You need to stand up for your son! At 10 she should know better. My 10 year old would never dream of talking like that to anybody! Tell her she is being really horrible. I wouldn't let this go at all. Your DS needs your protection.

Sarahzb · 29/10/2023 01:46

Dreadful shitbaggery. Bullying nonsense. Tell the parents and the kid. Awful. I have to say that girls at that age are more advanced and know what they do. And I am female

itsalongwaybackfromsorry · 29/10/2023 02:00

I honestly don't understand why you haven't said something to her parents ... and to her if her parents failed to actually, you know, parent!

NeunundneunzigHorseBallonz · 29/10/2023 02:22

Is she posting this on social media at all? I would keep receipts. I find it odd that this twerpy kid is saying that he’s so young, he shouldn’t be on stage. Do you think she’s parroting what she hears at home? I think you absolutely need to stand up to the parents and let them know that you are pretty sure she hasn’t come up with these ideas by herself and it’s time someone told her and everyone else with these opinions to zip it because they’re making themselves look ugly to everyone else.

SequentialAnalyst · 29/10/2023 02:32

Which one is older?

I was a horrid older sister to my DB who was 2yr 8m younger than me. I was a right clever clogs, and made him play schoolsShock Until I was about 15, I automatically contradicted him whatever he said, and as I was cleverer and liked studying I was always right (did I mention I was a clever clogs?Blush) Then one day, he was right and I was wrong! Thankfully I was growing out of being a dickhead by then, and took the lesson to heart.

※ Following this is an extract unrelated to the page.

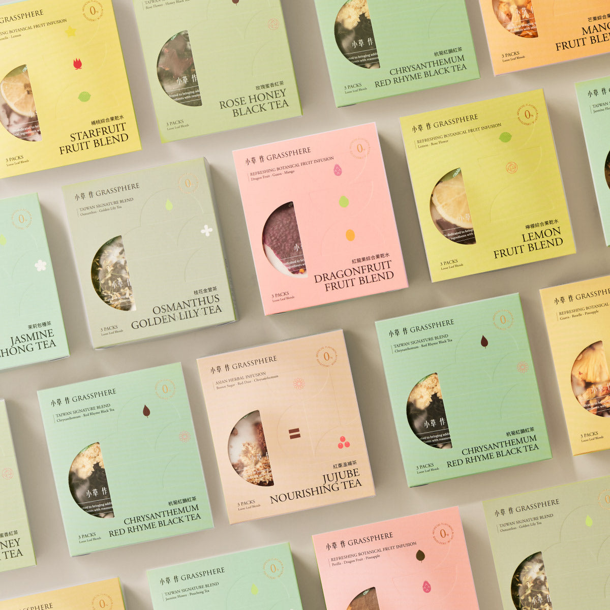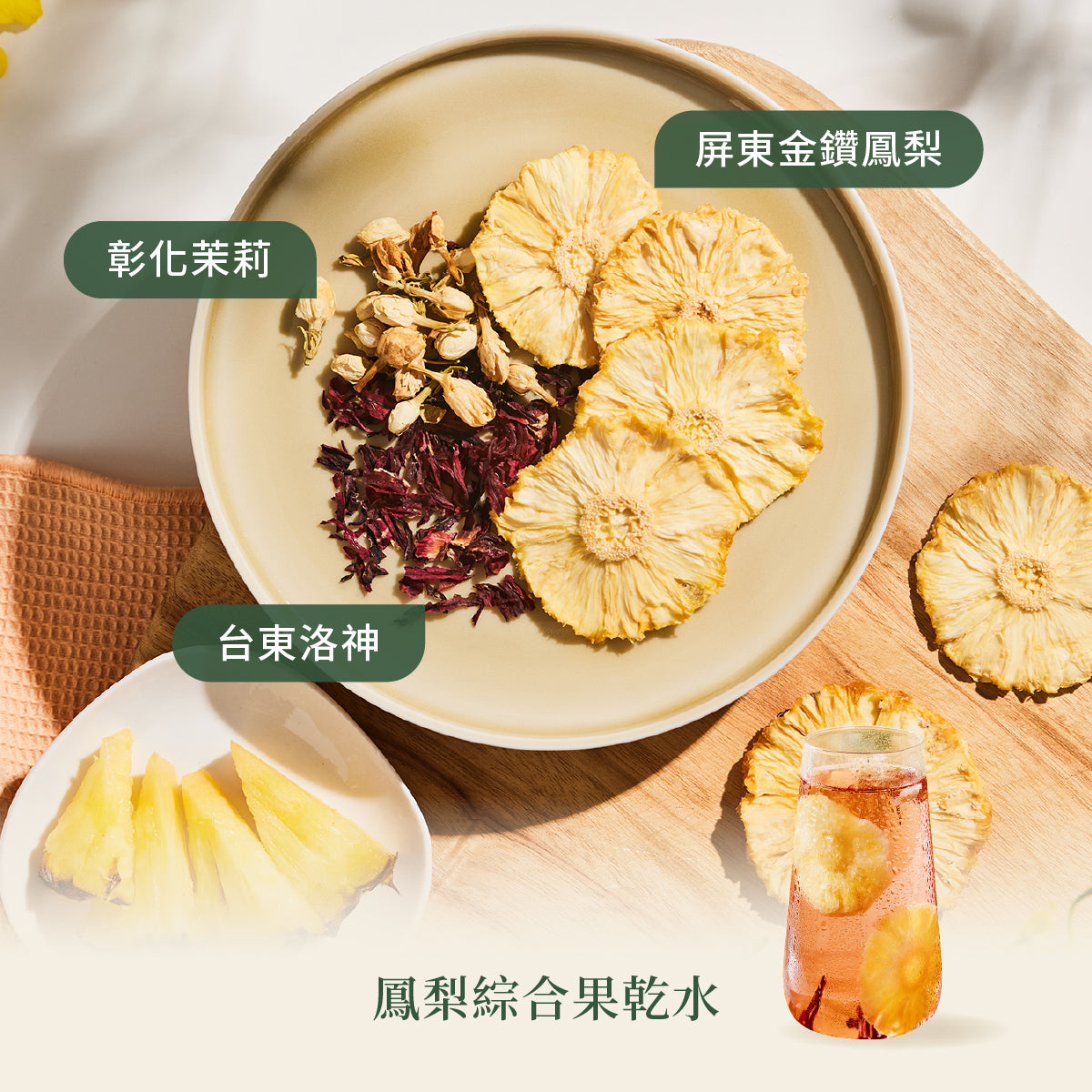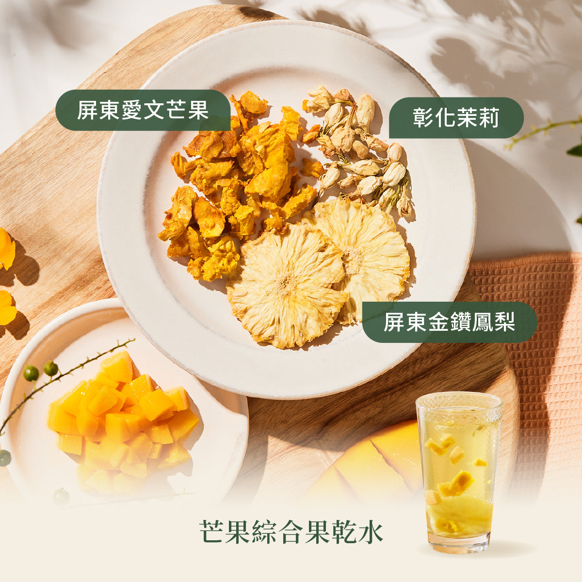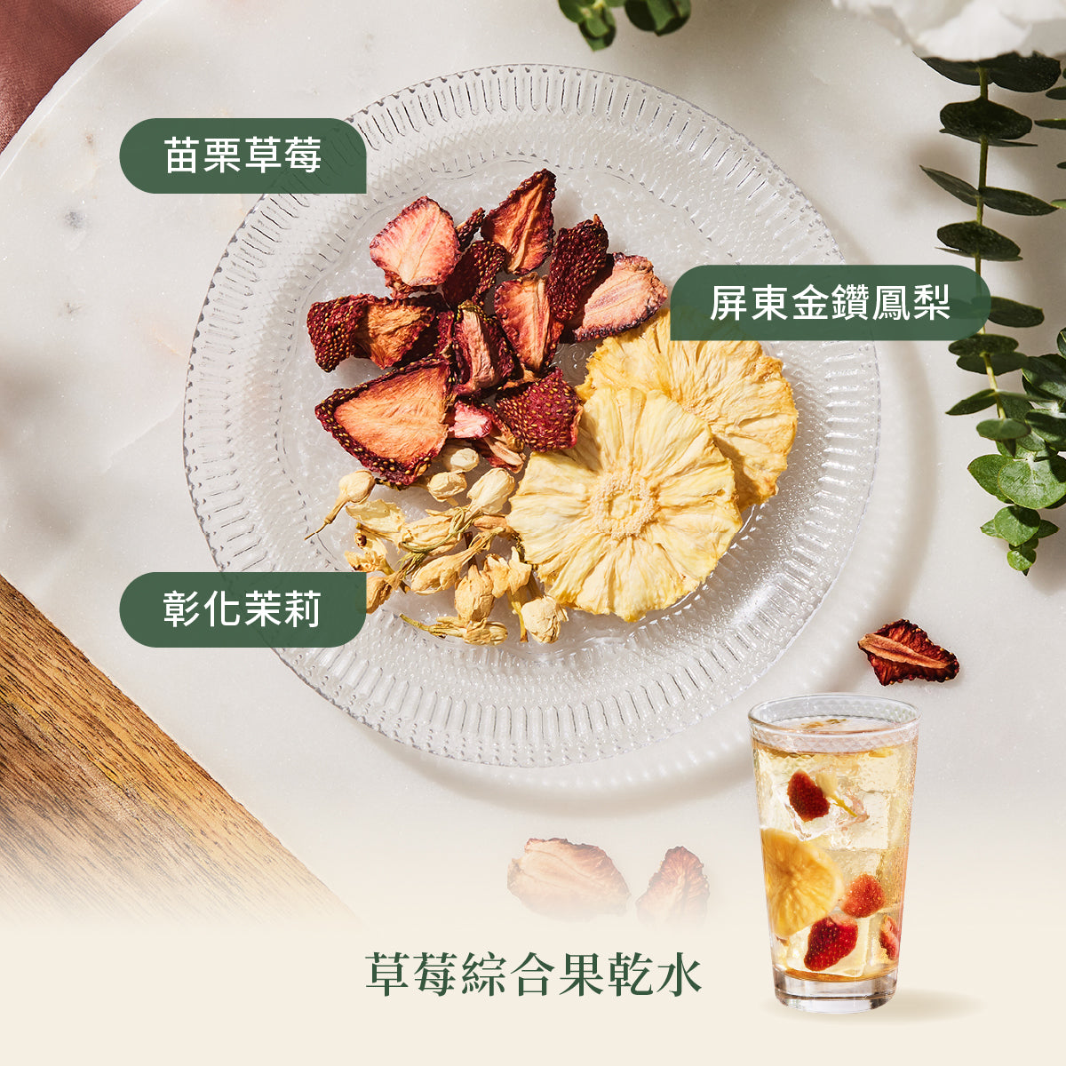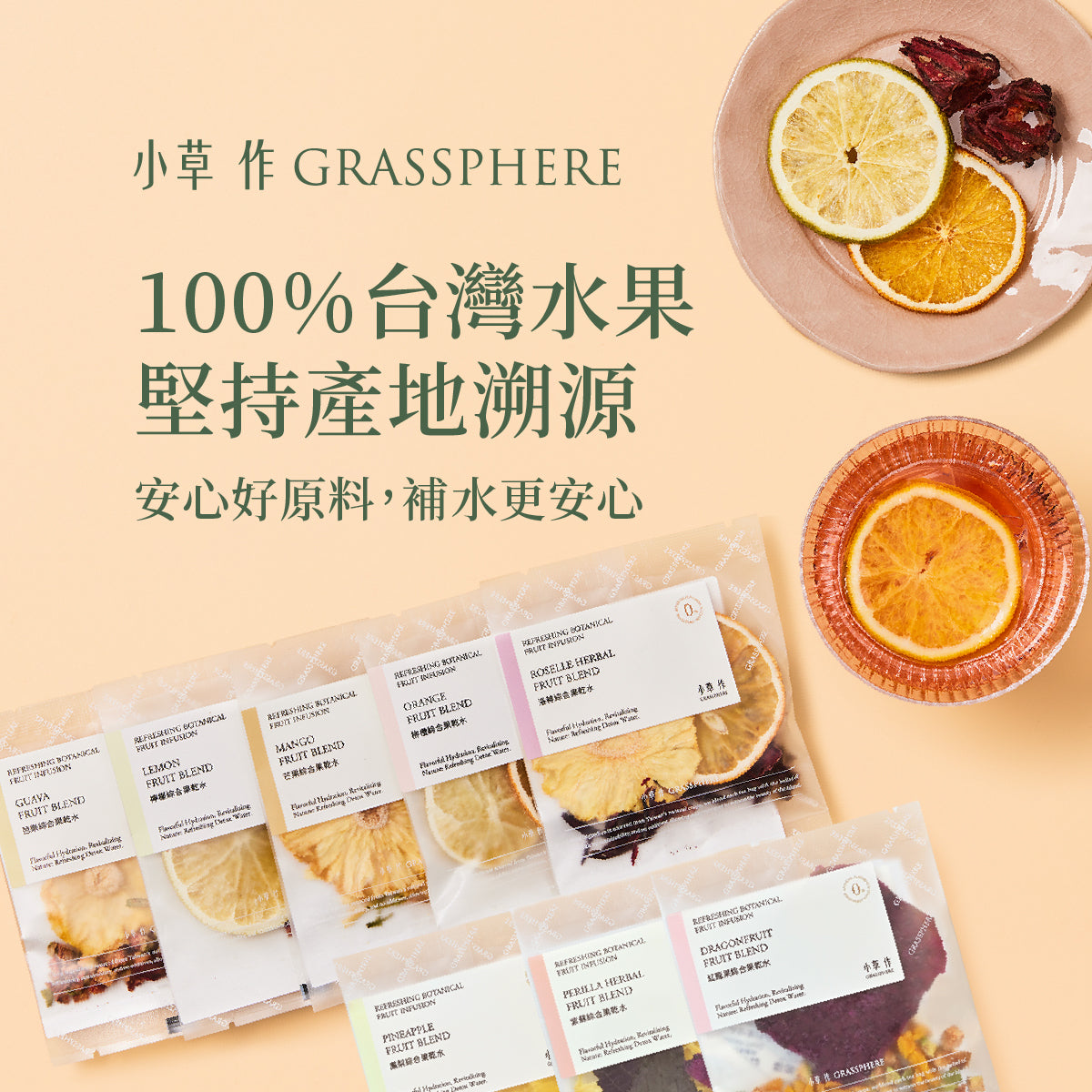 小草作以金鑽鳳梨、愛文芒果、無毒草莓、紅心芭樂、檸檬、柳橙等台灣在地特色水果,搭配香草與花卉,開發具有不同風味層次的果乾水

I was also socially awkward, and suspect I am ND, with what I would class as Aspergers.

Is there any kind of interest they have which overlap? Or perhaps that is the problem?

IAmtheVampiresWife · 29/10/2023 03:15

tIf she is a distant relative then there is no need for her to be there.

CloudyAgain · 29/10/2023 05:02

Itsbritneybitch22 · 29/10/2023 01:59

She’s got no problem opening her mouth and talking about him so open yours and tell her about her bad manners and bad attitude.

This. And it sounds like she is jealous.

And bring it up with her parents. They should be teaching her some mannners.

QueenMegan · 29/10/2023 05:11

I don't understand why you don't calmly say that's unkind. Your poor son. Sounds like she is also socially awkward

TookTheBook · 29/10/2023 05:29

Why is she there? Are they at the same school? Ask the school to tackle it?

Autiebibliophile · 29/10/2023 05:34

I would tell her parents if they are unaware and ask them to speak to her. If it doesn't stop I'd limit time they spend together

Nomorelittlebabybum · 29/10/2023 05:35

Bless him. My son is 7, ND too. I would say something in front of her and him along the lines of 'I don't agree, he's amazing on stage. What you're saying isn't very kind '
I think it's important he hears you stick up for him and she understands it's not appropriate (especially if her mum isn't setting these boundaries).

TestingTestingWonTooFree · 29/10/2023 05:44

I agree with this @Nomorelittlebabybum

AllFadestoBlack · 29/10/2023 05:47

I vote you're being unreasonable but I meant in terms of not bringing it up with her. What she says is awful.

StepAwayFromGoogling · 29/10/2023 05:50

I'm also confused why she would be there for performances - do they go to the same school?